- _What to do_:
Which lines run from the line with "Now, let's get" to the end of the entries? Write out exactly those, leaving out the pictures.

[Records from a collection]
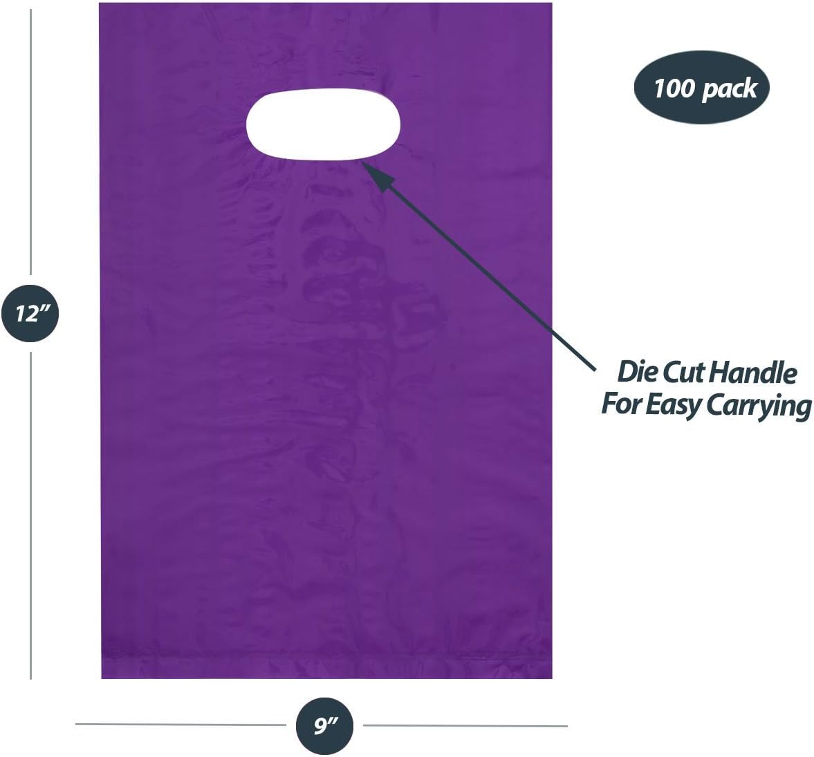 9×12 Purple Die Cut Handle Plastic Shopping Bags 100/cs
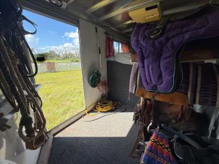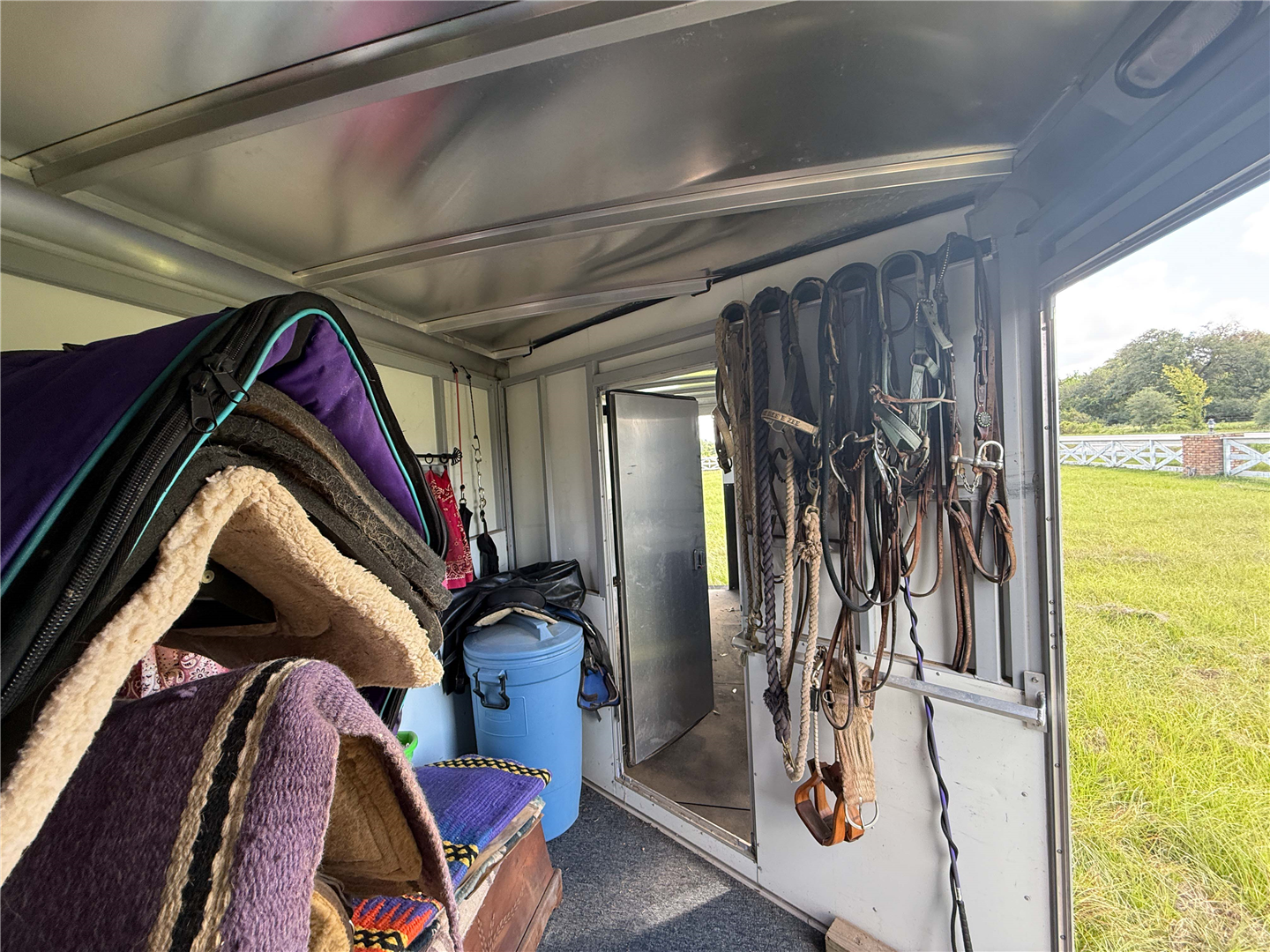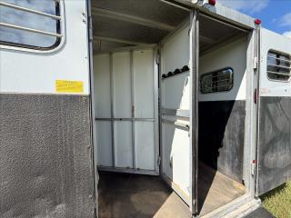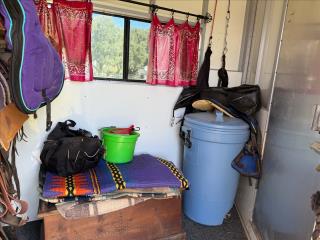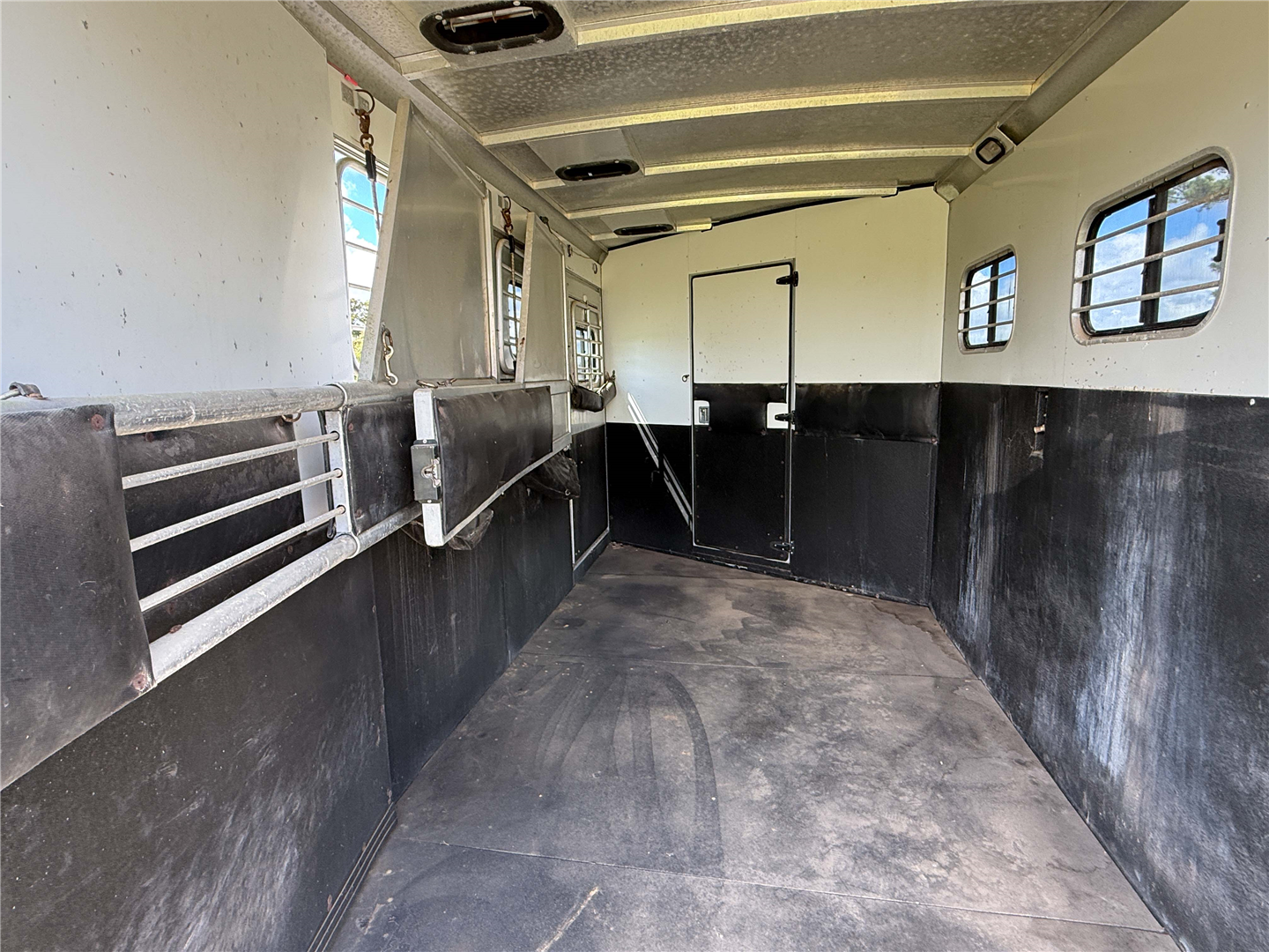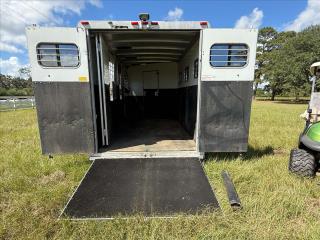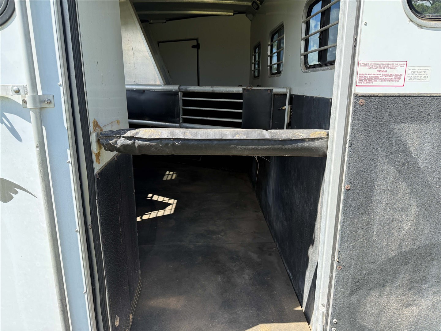 1999 Sundowner Valuelite - original owner. Added a hydraulic jack, extra large dressing room with a/c, 3.5 ft added to dressing room upgrade, loading light, dropdown face guards, drop down feed door in escape, walk through door, stainless nose wrap, 19x53 window, loading ramp is very easy to lift, empty weight #5000, electric brakes. Aluminum steel frame. Back tack and 3 saddles rack. Dressing room has space for 3 saddles rack.
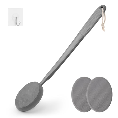Lotion Applicator for Back, Feet & Legs, Long Plastic Handle Moisturizer Cream, Self Tanning, Sunscreen, Ointment, Medicine Back Applicator for Elderly Men or Women with 3 Washable Pads (Grey)
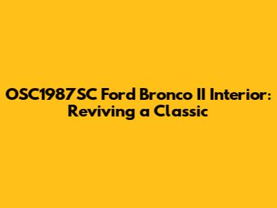 Now, let's get our hands dirty and talk about restoration projects! These projects aim to bring your OSC1987SC Ford Bronco II's interior back to its original glory. From seats to the dashboard, here are some key areas to focus on.
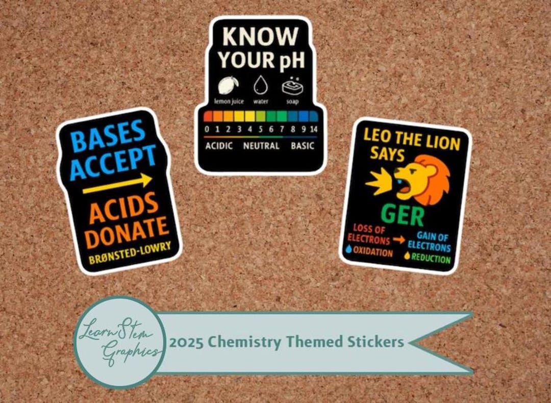 Chemistry Education Sticker Set – Ph Scale, Acid-base Theory, Oxidation ...
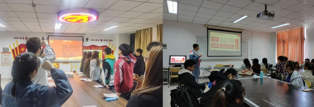 强基固本思先潮。学院各团支部开展“续五四精神,扬爱国情怀”“青年说|我来讲团课”主题团日活动,做好“五个一”,即佩戴一次团徽、重温一次入团誓词、分享一次入团难忘经历、举行一场生动团课和研读一本好书。

- _Solution to the exercise_:
 Now, let's get our hands dirty and talk about restoration projects! These projects aim to bring your OSC1987SC Ford Bronco II's interior back to its original glory. From seats to the dashboard, here are some key areas to focus on.
 Chemistry Education Sticker Set – Ph Scale, Acid-base Theory, Oxidation ...
 强基固本思先潮。学院各团支部开展“续五四精神,扬爱国情怀”“青年说|我来讲团课”主题团日活动,做好“五个一”,即佩戴一次团徽、重温一次入团誓词、分享一次入团难忘经历、举行一场生动团课和研读一本好书。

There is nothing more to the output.